I re-polish the headlights on my car that sits out every couple months to keep them looking good.


----------



## handsome rob is taken (Apr 7, 2009)

not to highjack the thread. i was gonna polish out my strobe lights on the squad car. their the older style plastic dome lights... which polish/pad combo should i use without sandpaper i use lc pads and menz products, but also have 3m plastic cleaner/polish and megs 102.


----------



## 67Customs (Mar 3, 2005)

handsome rob is taken said:


> not to highjack the thread. i was gonna polish out my strobe lights on the squad car. their the older style plastic dome lights... which polish/pad combo should i use without sandpaper i use lc pads and menz products, but also have 3m plastic cleaner/polish and megs 102.


If you aren't going to use sandpaper, then use a LC Orange pad and the harshest Menserna polish you have. Then work your way down the pad/polish ladder until you are happy. Just like paint.


----------



## VertigoGTI (Apr 1, 2001)

I've restored quite a few lights and I've NEVER wetsanded. Why? Because you're removing even more of the UV barrier on the plastic when you sand it.

Here's what I do:

1.) Get an RO buffer, like a PC 7424, and buff the lenses with Klasse AIO. It's a very fine polish and removes the hazing and yellowing in a matter of minutes with a microfiber hat/wool pad combo.

2.) IMMEDIATELY apply Klasse SG to the lenses, let the SG sit for 2 hours, buff off, wait another 24 hrs, apply another coat, wait 2 hours and buff off the remaining residue. I do not use wax as it's only good for 2 weeks AT BEST at protecting the lenses.

3.) Every 6 months, reapply the SG.

I never have to worry about hazing lenses again.
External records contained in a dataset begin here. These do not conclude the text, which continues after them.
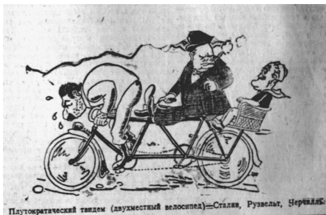
Мал. 2. Донецкий вестник, 1 августа 1943 г.

У зображеннях карикатуристів Черчилль, Рузвельт та Сталін часто сварились, підставляли один одного. Водночас постійно акцентувалося на принизливому становищі Сталіна порівняно з його союзниками, що у карикатурах відбивалося зображенням Сталіна завжди в нижній частині малюнка щодо Рузвельта та Черчилля (мал. 2). Зважаючи, що одним із найпопулярніших сюжетів карикатур був другий фронт (мал. 3), то цілком зрозумілим є нав'язування у свідомості населення окупованих територій теми розбрату між союзниками, щоб виключити надії навіть на можливість домовленостей про спільні дії.
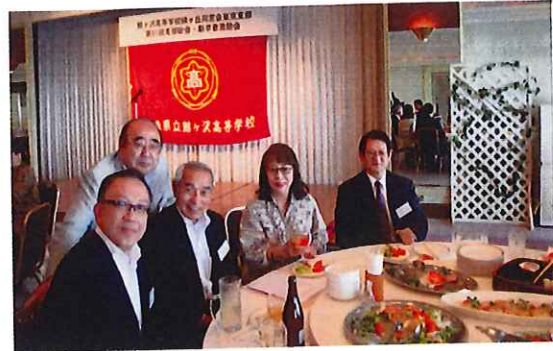
鶴ヶ沢高校同窓会 東京支部総会 三上副会長訪問
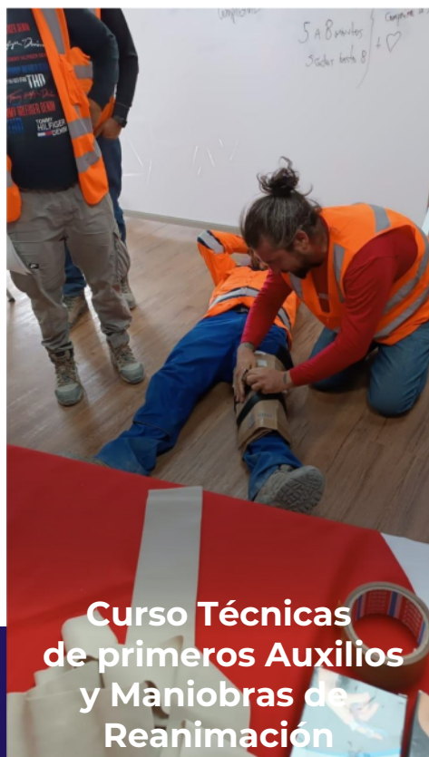
Curso Técnicas de primeros Auxilios y Maniobras de Reanimación

Contamos con facilitadores permanentes en terreno.
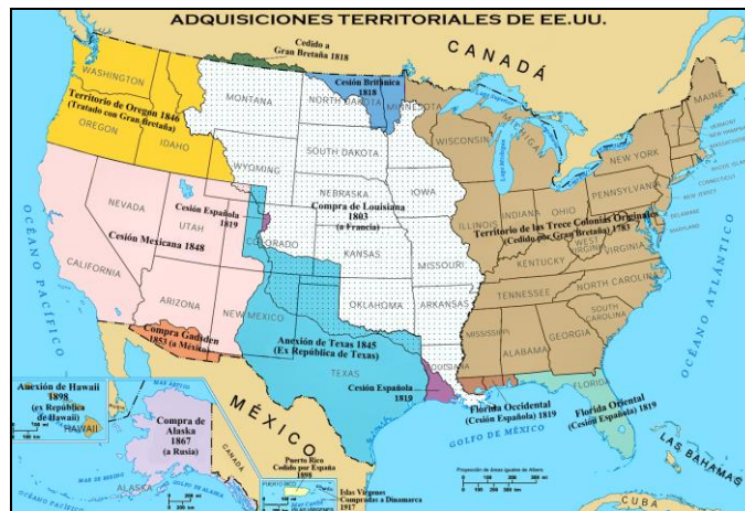
FIGURA 10 MAPA DE LAS ADQUISICIONES TERRITORIALES DE LOS ESTADOS UNIDOS

La idea de este trabajo era que el lector vislumbrara por medio de los datos entregados cómo Estados Unidos fue consiguiendo su “destino manifiesto” y cómo este desarrollo fue requerido por los europeos en 1817 y lo transformó en la primera potencia a nivel mundial. (Fig. 10)

Plus, I don't have to go to the expense/trouble of trying to get vinyl overlays with a UV barrier.


----------



## jawnz (Feb 19, 2010)

lamin-x damaged one of my headlamps










how good is this stuff for cleaning polycarbonate or whatever is used for mk5 headlamps? 

any chance of making things worse? 

will buffing out the upper layer cause browning of the rest of the lens after a short period of time?


----------



## jawnz (Feb 19, 2010)

just wondering the top part is only messed up perhaps i can cover it up with some eyelids? Looks like it would work and i wouldn't have to mess with wetsanding


----------



## 67Customs (Mar 3, 2005)

VertigoGTI said:


> I've restored quite a few lights and I've NEVER wetsanded. Why? Because you're removing even more of the UV barrier on the plastic when you sand it.
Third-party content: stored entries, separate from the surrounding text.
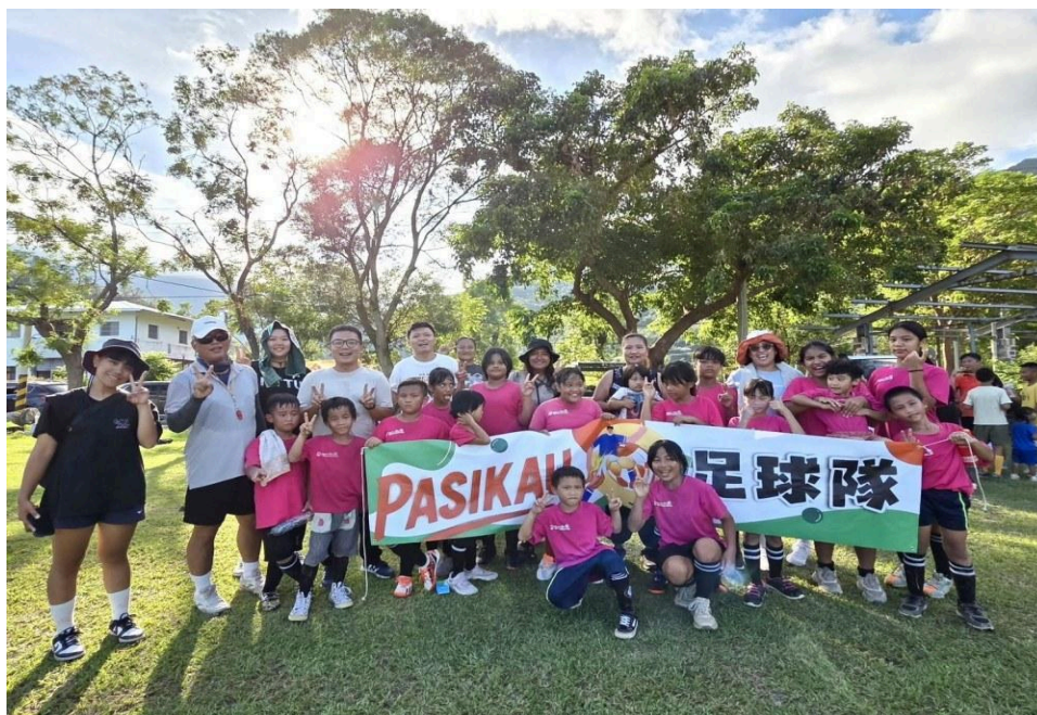
部落服務照片：巴喜告的社區照顧工作不只是一項活動，而是長期陪伴。

臺東縣巴喜告原住民關懷協會成立於 2013 年，秉持「雙福服務、全人關懷」理念，服務內容包含延平原家中心、婦幼庇護、社區防暴、幸福巴士、兒少關顧與 PASIKAU 足球隊等。公開網站亦揭露協會曾獲社區防暴與原鄉服務相關肯定，顯示其在地服務能量與社會信任基礎。
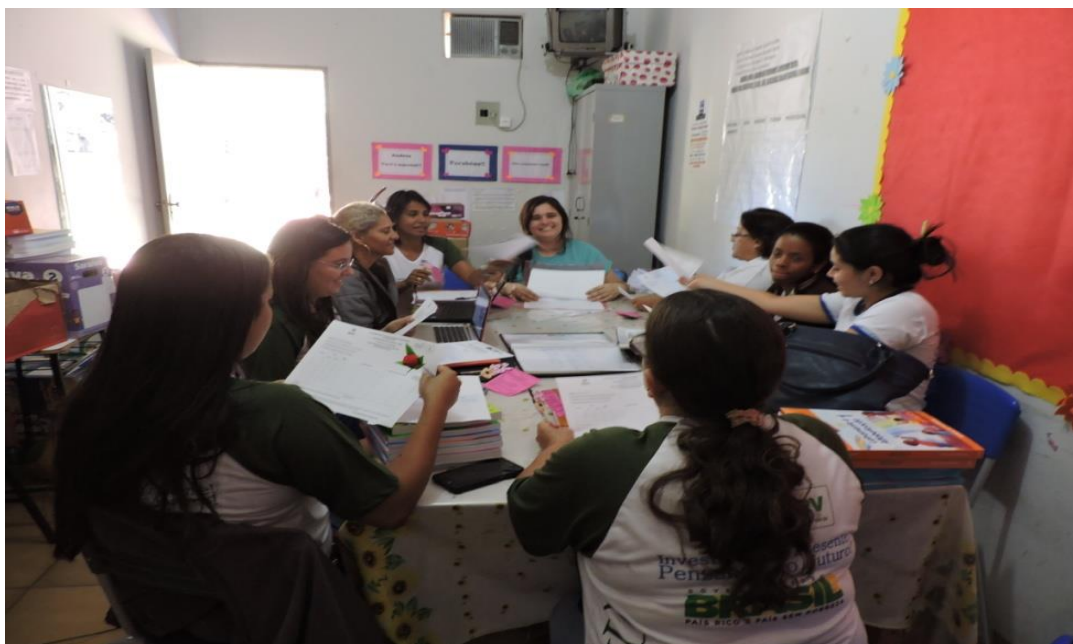
Figura 35. Todas as escolas parceiras realizaram reuniões para criar e executar os planos para o aprimoramento do ensino da matemática. Equipe da EMEFTI Prof. Waldyr Emrich Portilho

Atividade 15-g. Reunir acadêmicos, professores supervisores e coordenadores do Pibid para planejamento e elaboração dos projetos sobre o processo e ensino da aprendizagem da disciplina matemática.
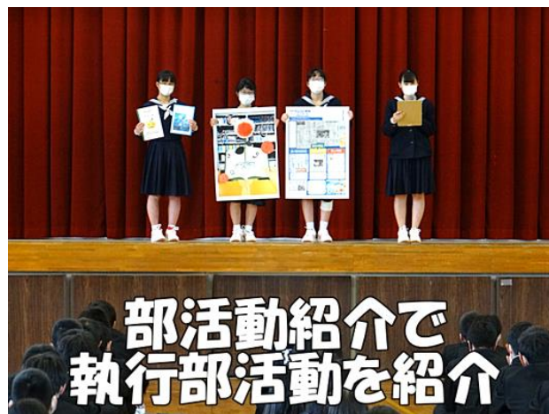
部活動紹介で 執行部活動を紹介
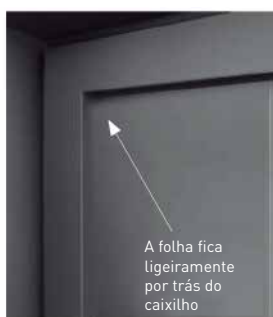
Folha com revestimento tradicional
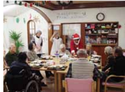
昼食は楽しみの一つですね

況を長く維持し、元気で『テディの家』に通って来ていただく為に、朝提供する野菜スープ、歩行訓練も含め機能訓練とレクリエーションにも力を入れ、美味しい昼食を召し上がっていただける様に一同力を合わせて頑張ります。
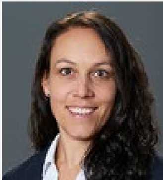
Fachverantwortliche Tarife H+
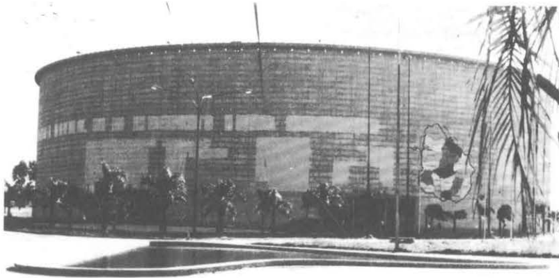
El Estadio Cerrado (Cilindro) en 1968.
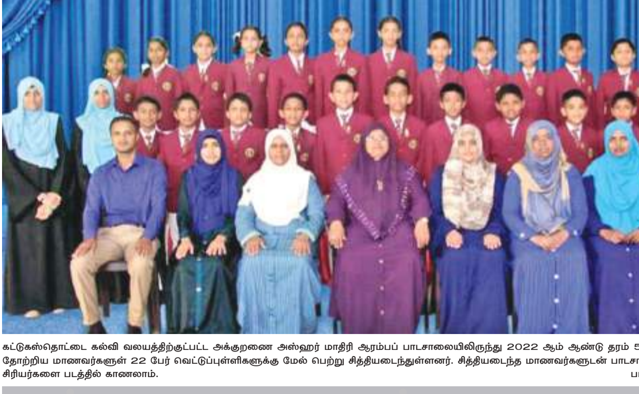
கட்டுக்கலாநாட்டை கல்வி வலியுறுத்தும் பட்ட அக்குரண அன்ஹர் மாநில ஆரம்ப பாடசாலையிலிருந்து 2022 ஆம் ஆண்டு தரம் 5 புலமையறிசில் பரீட்சைக்கு தோற்றிய மாணவர்களுள் 22 பேர் வெட்டுப்புள்ளிகளுக்கு மேல் பெற்று சித்தியடைந்துள்ளனர். சித்தியடைந்த மாணவர்களுடன் பாடசாலை அதிபர் மற்றும் வகுப்பாசிரியர்களை படத்தில் காணலாம்.

பொருளாதார நெருக்கடி காரணமாக இரத்தினபுரி மாவட்ட தோட்டமாணவர்களுக்கு உதவியாக அனுபவித்து வருகின்றனர். இதன் காரணமாக பெரும்பாலான இன்று தொடக்கம் வாரத்தில் இரு நாட்கள் பகலுணவு வழங்கப்படும். இதற்கென நான் ஒன்றுக்கு மட்டும் கமார் இரண்டு இலட்சம் ரூபாய் செலவிடப்படுகிறது என்றார்.

If you have yellowing, hazing or pitting, then there is not "UV barrier" left.

Also, if you polish the lense enough to remove yellowing, you are removing the "UV barrier" as well.

Wetsanding is perfectly fine.


----------



## Snowman46919 (Mar 31, 2009)

Wetsanded mine from 1000 to 3000 then buffed with the plastx and it they look immaculate.


----------



## 09vdubgti (Mar 28, 2009)

use claybar on the headlights, normally theyll take care of a good amount of that yellowness, then polish them and bam brand new again.


----------



## G-rocco (Sep 11, 2004)

THis thread is helpful.. 
So basically, my attempt with 1500 grit and then some blue magic headlight lens restorer was not the best use of my time.
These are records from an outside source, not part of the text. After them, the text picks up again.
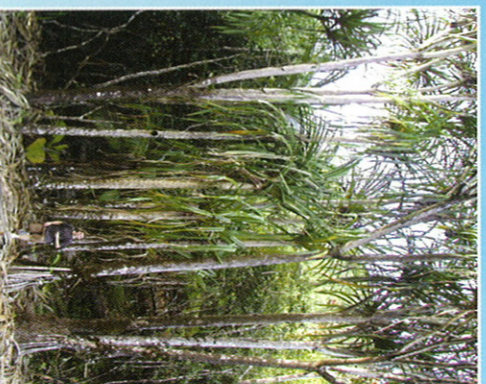
Vacoa Parasol ( Pandanus horniei )

corniche offrant une variété intéressante de plantes endémiques, dont des plantes carnivores. Le chemin principal continue quant à lui vers l'aval à travers la forêt en longeant la rivière. Le passage peut être difficile après de fortes pluies. Le chemin bifurque ensuite à gauche vers le haut et quitte la rivière pour passer la crête et redescendre ensuite par une série de marches jusqu'à la rivière de la Mare aux Cochons. De l'autre côté de la rivière se trouve une maison abandonnée
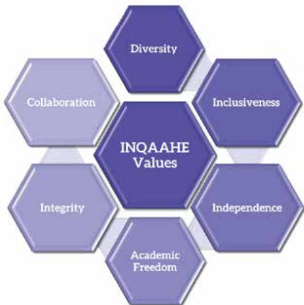
▲INQA AHE Values。(取自INQA AHE官網)
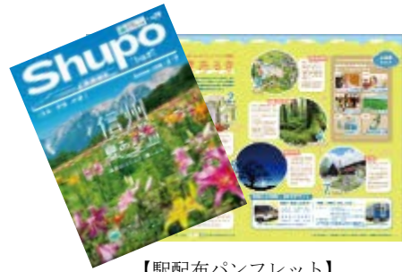
【駅配布パンフレット】

今夏のキャンペーンは「信州夏あるき」をテーマとして、上伊那、南信州、木曾、白馬等を中心とした信州の魅力を発信するパンフレットを名古屋地区、東京地区、静岡地区、大阪地区のJR東海の主な駅（一部を除く）で配布します。
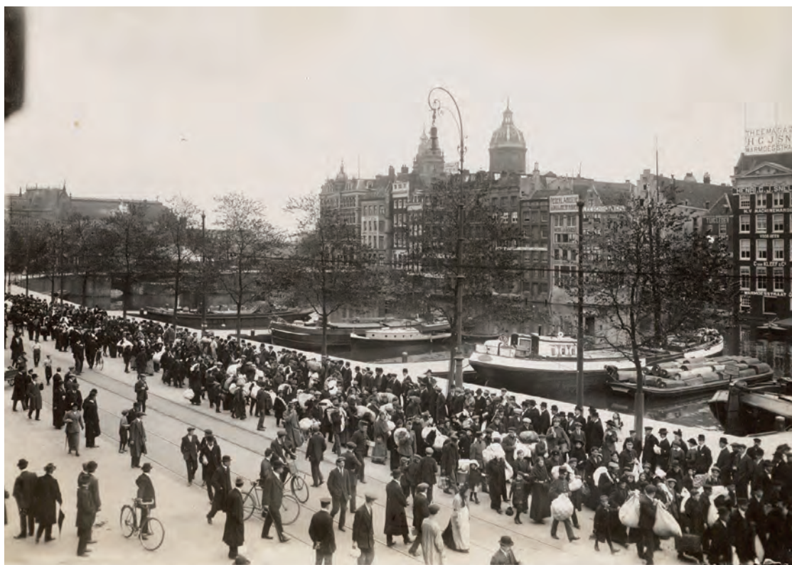
Aankomst Belgische vluchtelingen in Amsterdam.

en in korte tijd was de gehele omgeving besmet. Maar de aanvoer van militairen uit Amerika ging gewoon door.

Will have to try the 3m or mothers powerball kit.


----------



## Zaris (Jun 11, 2010)

I bought myself this kit and have so far used it twice. One of my headlights is newer than the other, and the latter has been on the car since it was built so it has therefore seen some slight yellow oxidation over the years -- nothing serious enough that it compromises safety (white light still passes through it okay), but it does look ugly enough for me to want to do something about it.

What Meguiar's will tell you is to apply PlastX (a micro-abrasive compound that comes with the kit) to the drill operated buff pad multiple times as needed to get the shine you're comfortable with. Having used it on my hazed MkIV Golf headlight, I can say that it cuts through the haze well, but not all that well. It isn't some miracle cleaner that's like "one application and you're through". Depending on the severity, you'll have to apply it many times, but at least twice for sure. So as Meguiar's said, don't expect miracle results the first time around. You gotta spend a little time and energy on it.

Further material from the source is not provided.